Faulty genes might lead to changes in urine that appear early on in Alzheimer’s disease, a new study has found. Although only demonstrated in rodents, if the same holds true for humans, scientists might be able to use these alterations as a way to improve disease detection, a welcomed outcome in the face of today’s growing epidemic.
At present, Alzheimer’s diagnoses often come when obvious mental symptoms start showing – much too late, as by this time the brain has already suffered significant damage. That’s why scientists want to find signs that appear earlier, even in those who are asymptomatic, which would offer opportunities to test drugs that could slow or even halt its progression.
One avenue worth exploring is urine. For years, the chemicals contained in this waste product have been used as an indicator of certain diseases, and some are even characterized by abnormal chemical composition, like some breast cancers. Indeed, studies on mice with models of Alzheimer’s have already found that one particular component is elevated in these rodents, and that increases are apparent prior to the onset of hallmark Alzheimer’s pathology – namely, an increase in toxic bundles of a protein called amyloid-β (Aβ).
To examine this idea further, researchers from the Monell Chemical Senses Center and the U.S. Department of Agriculture used three different rodent models of Alzheimer’s disease. Described in Scientific Reports, each had mutations in the gene responsible for the amyloid precursor protein (APP), the one that gets snipped up to generate Aβ. Similar to humans, these mutations lead to a buildup of Aβ, resulting in the characteristic brain plaques seen in Alzheimer’s patients.
The team wanted to see whether the urine of these animals contained changes in the levels of volatile chemicals, or those that are easily evaporated, so they devised a behavioral “sniff” test. Mice have a keen sense of smell and are highly motivated to seek out and investigate odors, so the team provided mice rodents with urine samples from the mutant rodents, alongside controls, and documented how long they spent sniffing each one. Significant differences in the time spent lingering over the mutant vs control samples indicated the presence of a potent smell in the former.
Next, they performed chemical analyses on the samples to see if these apparent differences were detectable, which revealed the presence of unique odor “signatures” in the mutant mice. Interestingly, the changes didn’t include the appearance of any novel chemicals that were not present in the control mice, but rather alterations to the levels of existing compounds. This could indicate that the mutations are causing some kind of metabolic abnormality in the mice.

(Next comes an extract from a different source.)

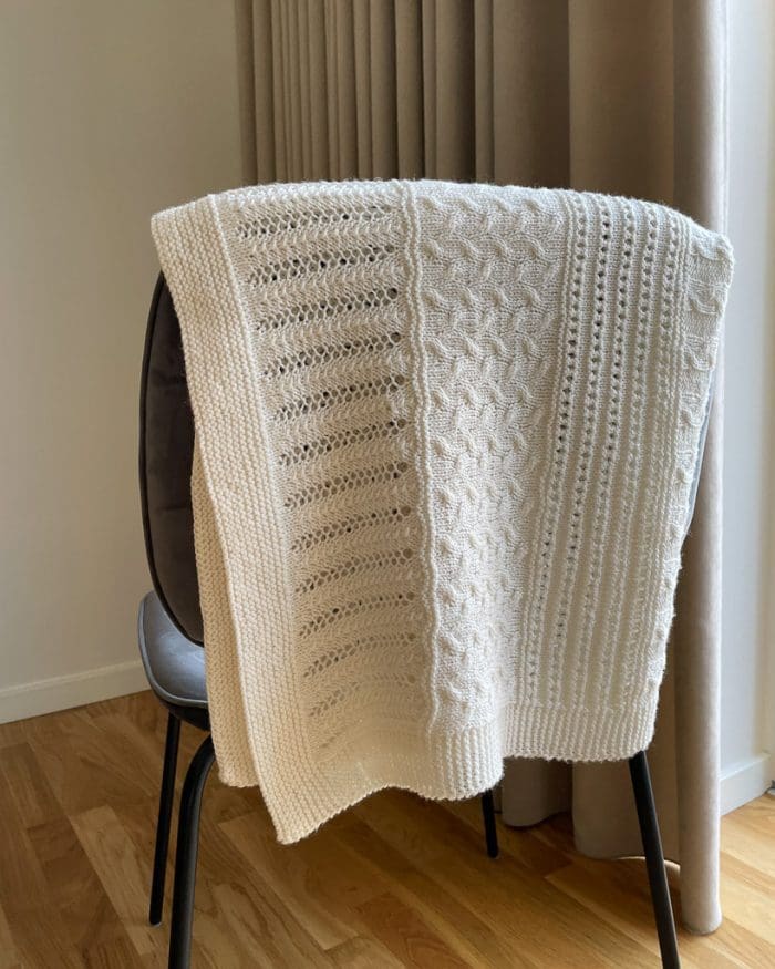 Pak den lille nye ind i kærlighed og varme med Ivory Babytæppe. Tæppet har flere slags mønster og skønne detaljer, som gør babytæppet sjovt at strikke gennem hele arbejdet. Det gør også at det er fint både på ret – og vrangsiden.

Perhaps most importantly, these urine signatures appeared prior to the development of detectable levels of plaque buildup in the brain, which indicates that the shift in chemical concentrations is a result of the mutated gene, rather than an effect of disease progression. This raises the possibility that similar biomarkers may exist in humans that could serve as early indicators of disease, although further studies will be needed to confirm this. But if that turns out to be the case, the researchers suggest it could be useful to combine this data with established tests, such as brain imaging and cognitive analysis.